+++ Dataset extract
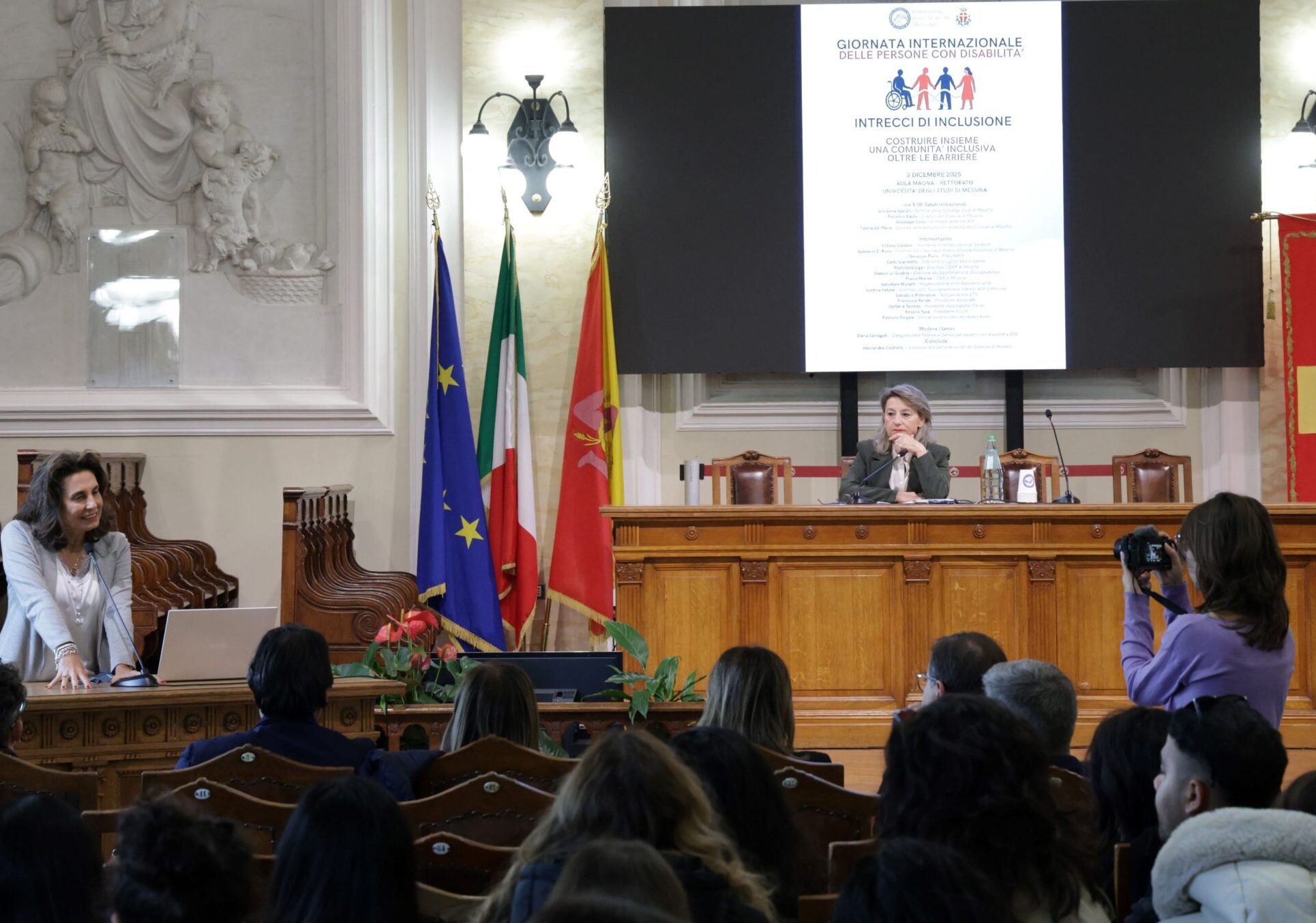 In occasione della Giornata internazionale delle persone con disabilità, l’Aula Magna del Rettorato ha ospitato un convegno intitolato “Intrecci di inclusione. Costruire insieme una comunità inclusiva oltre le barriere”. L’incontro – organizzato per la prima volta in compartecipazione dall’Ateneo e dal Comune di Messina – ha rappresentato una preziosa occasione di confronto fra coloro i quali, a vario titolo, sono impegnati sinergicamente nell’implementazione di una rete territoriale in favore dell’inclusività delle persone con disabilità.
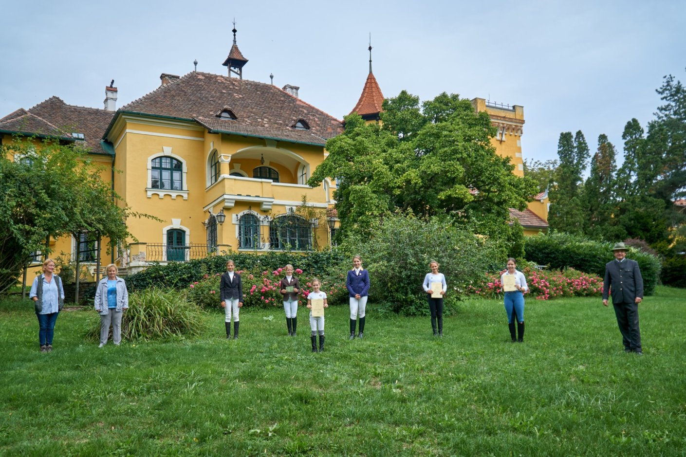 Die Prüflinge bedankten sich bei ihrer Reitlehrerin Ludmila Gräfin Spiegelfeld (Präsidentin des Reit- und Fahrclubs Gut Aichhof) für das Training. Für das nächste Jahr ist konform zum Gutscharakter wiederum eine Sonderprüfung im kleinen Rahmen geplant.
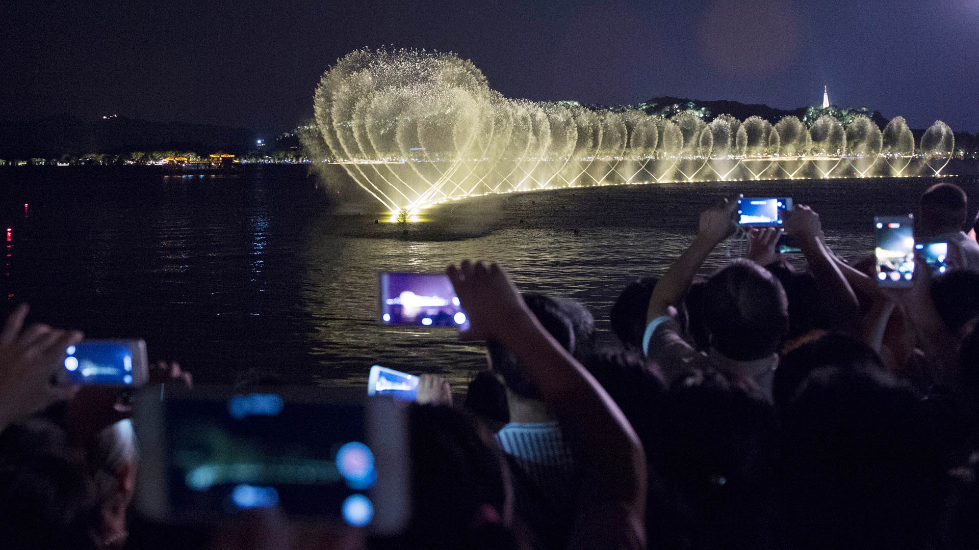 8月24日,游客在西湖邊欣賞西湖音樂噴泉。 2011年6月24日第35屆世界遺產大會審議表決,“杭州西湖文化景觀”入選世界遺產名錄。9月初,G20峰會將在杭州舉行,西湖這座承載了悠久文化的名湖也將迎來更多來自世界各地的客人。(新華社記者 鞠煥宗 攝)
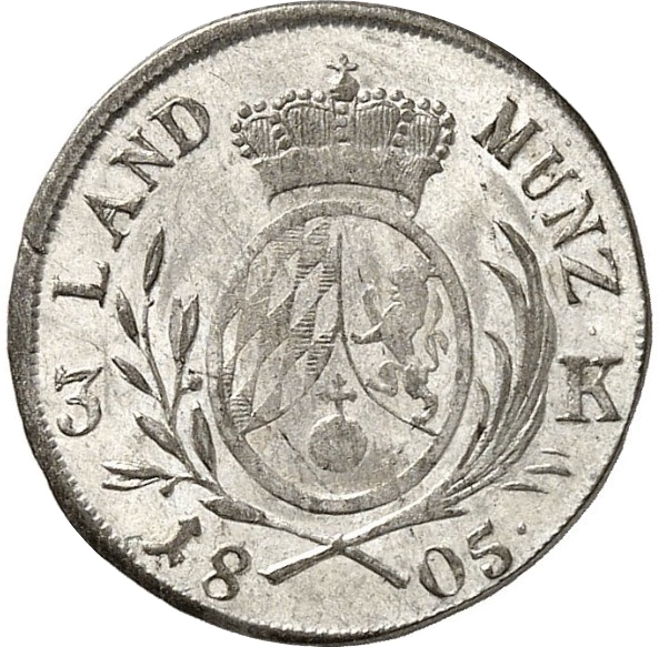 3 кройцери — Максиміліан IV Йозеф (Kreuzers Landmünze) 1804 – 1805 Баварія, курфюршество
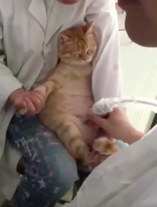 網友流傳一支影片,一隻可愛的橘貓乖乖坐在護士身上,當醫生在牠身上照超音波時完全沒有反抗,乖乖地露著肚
++++++
+++ Dataset extract
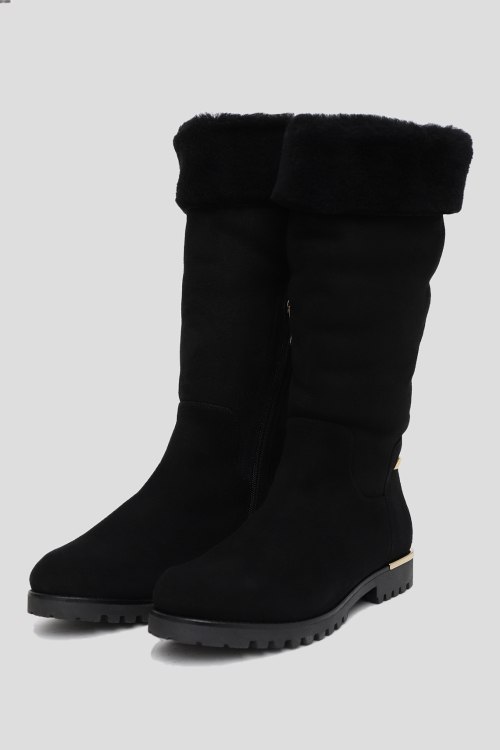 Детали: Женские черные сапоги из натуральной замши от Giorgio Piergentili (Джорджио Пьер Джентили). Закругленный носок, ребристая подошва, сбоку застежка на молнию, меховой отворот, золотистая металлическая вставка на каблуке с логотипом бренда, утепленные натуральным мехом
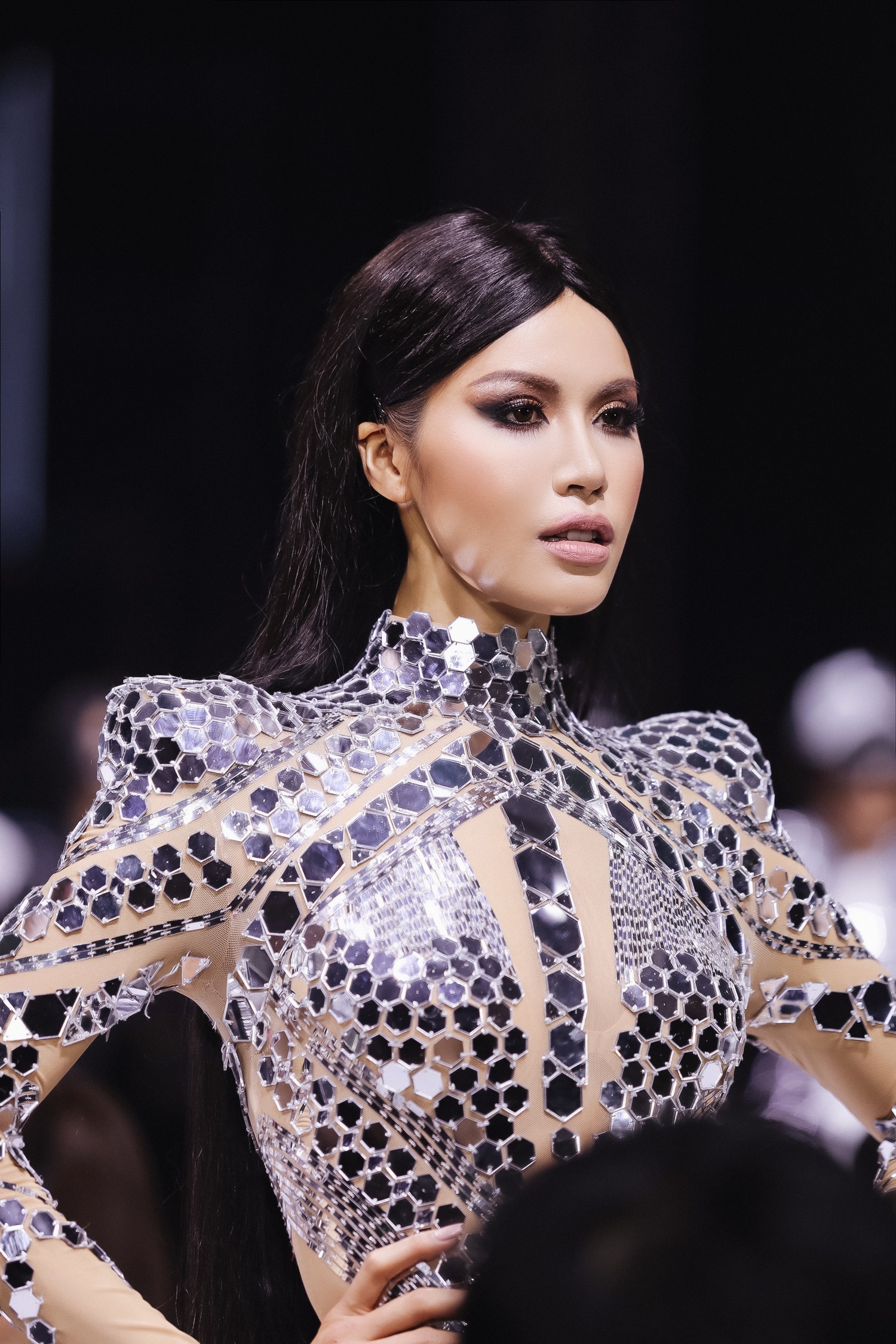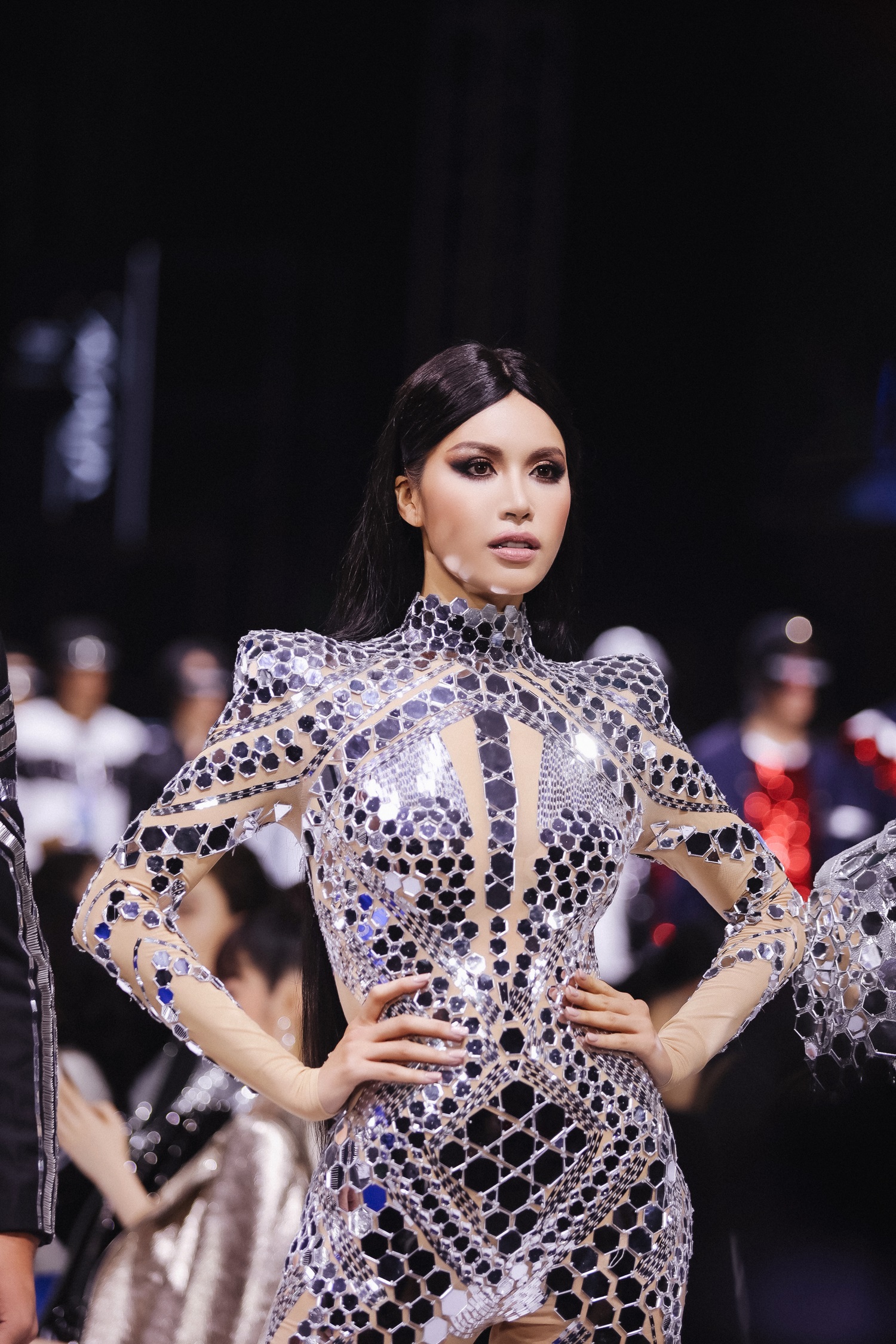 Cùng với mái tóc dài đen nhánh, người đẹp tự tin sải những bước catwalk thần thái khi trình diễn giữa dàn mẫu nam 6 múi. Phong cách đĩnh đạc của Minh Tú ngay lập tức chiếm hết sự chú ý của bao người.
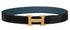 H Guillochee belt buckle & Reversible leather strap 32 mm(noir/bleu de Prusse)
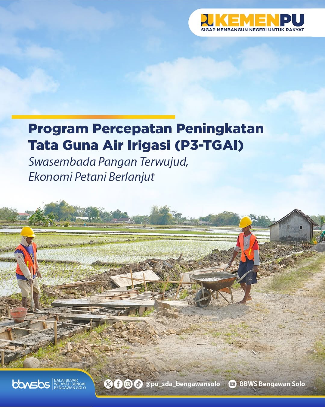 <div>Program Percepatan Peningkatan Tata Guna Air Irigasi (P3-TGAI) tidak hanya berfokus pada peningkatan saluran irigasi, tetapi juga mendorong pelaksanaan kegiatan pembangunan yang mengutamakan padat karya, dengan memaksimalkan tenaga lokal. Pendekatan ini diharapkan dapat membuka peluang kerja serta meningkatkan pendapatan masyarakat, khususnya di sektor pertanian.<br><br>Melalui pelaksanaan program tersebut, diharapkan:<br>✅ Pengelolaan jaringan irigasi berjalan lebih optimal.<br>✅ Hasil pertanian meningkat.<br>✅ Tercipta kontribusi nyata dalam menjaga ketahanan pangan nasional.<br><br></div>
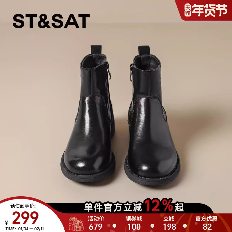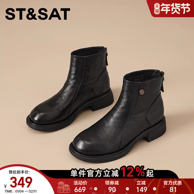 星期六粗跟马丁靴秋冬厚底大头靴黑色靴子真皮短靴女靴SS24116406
++++++
- [Task to complete]: Your reply should hold nothing but the lines above, from the one containing "In occasione della" to the one containing "網友流傳一支影片,一隻可愛的", reproduced exactly minus the pictures.

- [Response to this exercise]:
 In occasione della Giornata internazionale delle persone con disabilità, l’Aula Magna del Rettorato ha ospitato un convegno intitolato “Intrecci di inclusione. Costruire insieme una comunità inclusiva oltre le barriere”. L’incontro – organizzato per la prima volta in compartecipazione dall’Ateneo e dal Comune di Messina – ha rappresentato una preziosa occasione di confronto fra coloro i quali, a vario titolo, sono impegnati sinergicamente nell’implementazione di una rete territoriale in favore dell’inclusività delle persone con disabilità.
 Die Prüflinge bedankten sich bei ihrer Reitlehrerin Ludmila Gräfin Spiegelfeld (Präsidentin des Reit- und Fahrclubs Gut Aichhof) für das Training. Für das nächste Jahr ist konform zum Gutscharakter wiederum eine Sonderprüfung im kleinen Rahmen geplant.
 8月24日,游客在西湖邊欣賞西湖音樂噴泉。 2011年6月24日第35屆世界遺產大會審議表決,“杭州西湖文化景觀”入選世界遺產名錄。9月初,G20峰會將在杭州舉行,西湖這座承載了悠久文化的名湖也將迎來更多來自世界各地的客人。(新華社記者 鞠煥宗 攝)
 3 кройцери — Максиміліан IV Йозеф (Kreuzers Landmünze) 1804 – 1805 Баварія, курфюршество
 網友流傳一支影片,一隻可愛的橘貓乖乖坐在護士身上,當醫生在牠身上照超音波時完全沒有反抗,乖乖地露著肚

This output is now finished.